Even if Clinton's American Heritage Rivers
Initiative (AHRI) is not a federal land grab or a brazen attempt to
exercise federal control over local land use and zoning decisions,
it is nonetheless unconstitutional. Only Congress may adopt such
programs. Until Congress enacts the AHRI, Clinton has no authority
to act.
--William Perry Pendley,
Mountain States Legal Foundation
Even
as many Americans continue to press Congress to downsize the
federal government and return control of more programs to the
states, President Bill Clinton has initiated a new program that
will impose costly new federal involvement on the local zoning and
planning process. During a ceremony at the New River in North
Carolina last July, the President designated 14 rivers as "American
Heritage Rivers" for 1998, targeting them for federal oversight. He
did so under authority he gave himself by signing Executive Order
13061, the American Heritage Rivers Initiative (AHRI), on September
11, 1997.
The
stated purpose of the President's initiative is to spur economic
growth along designated rivers, protect their natural resources,
and preserve their heritage. As attractive as these goals are,
however, they duplicate many of the goals of currently available
federal programs. In addition, the AHRI's unnecessary new level of
federal bureaucracy could cost millions of tax dollars each year.

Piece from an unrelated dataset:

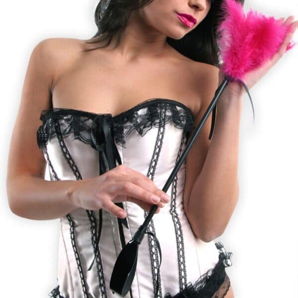Nadszedł właściwy czas, aby wypróbować tę nową zabawkę z szpicrutą po jednej stronie i łaskoczącym piórkiem po drugiej. Stymuluje lub pieści, gdy odpowiednik zasługuje lub wymaga sytuacji. Polubisz! Dwie satynowe kokardki dodają wyrafinowania temu nieśmiałemu, ale skutecznemu łaskoczkowi z piór Kolor fuksji Łaskotanie piór i uprawa jeździecka Wyprodukowane w Hiszpanii Wykonane z 20 piór Odporny pręt o średnicy 8 mm x 30 cm. Wymiary: 48 cm.

It will divert funds away from the rivers and communities
that are most in need and make it more difficult for state and
local governments to decide how best to protect and enhance their
rivers and river communities.
Although the American Heritage Rivers
Initiative is an appealing program, it also has several important
flaws:
-
It violates a number of constitutional
and statutory provisions by giving the executive branch powers that
belong to Congress, such as authority over interstate commerce and
the appropriation of money. It threatens the Fifth Amendment by
giving federal bureaucrats control over private land surrounding
the rivers and their associated resources, and the Tenth Amendment
by pre-empting the states' land use and zoning powers.
-
It duplicates the functions of federal
programs already available to assist states, localities,
businesses, and individuals in improving America's waterways by
protecting natural resources, rejuvenating surrounding areas, and
stimulating economic growth. Many of these programs already
duplicate each other's efforts and award similar grants.
-
Scientific analysis of need is not
mandated as the basis for AHRI designation. Consequently, the AHRI
allows the executive branch to target federal money to river
communities in ways that could be interpreted more as political
pork than environmental necessity. This potential is highlighted by
the fact that not one of the ten "most endangered rivers" of 1998
as selected by the environmental interest group American Rivers
appears on the President's 1998 list of American Heritage
Rivers.
-
It establishes a new federal
bureaucracy. Each of this year's 14 American Heritage Rivers will
be assigned a "river navigator" to "guide" local officials through
the maze of applicable federal programs. In other words, federal
bureaucrats will be injected into local decision-making on how best
to clean up a designated river, or develop or enhance its
surrounding areas. Federal agencies make their field staff
available for the local implementation of AHRI initiatives. It is
not clear how creating additional bureaucracy facilitates
the AHRI's goal of helping states maneuver through the current
bureaucracy. Furthermore, the hiring of each river navigator will
cost an estimated $100,000 a year, yet the question of where the
funding will come from has not been adequately addressed.
If
President Clinton wants to involve the states and local communities
in protecting and rejuvenating America's rivers, he should focus
on:
-
Streamlining the
hundreds of federal programs to eliminate duplication and waste by
terminating obsolete, redundant, and dysfunctional programs and
privatizing functions that could be performed more efficiently and
cost-effectively in the private sector;
-
Devolving to the
states functions that are addressed more appropriately at that
level; and
-
Investing the money
saved from this streamlining effort in the remaining programs, to
target rivers and communities most in need of improvement.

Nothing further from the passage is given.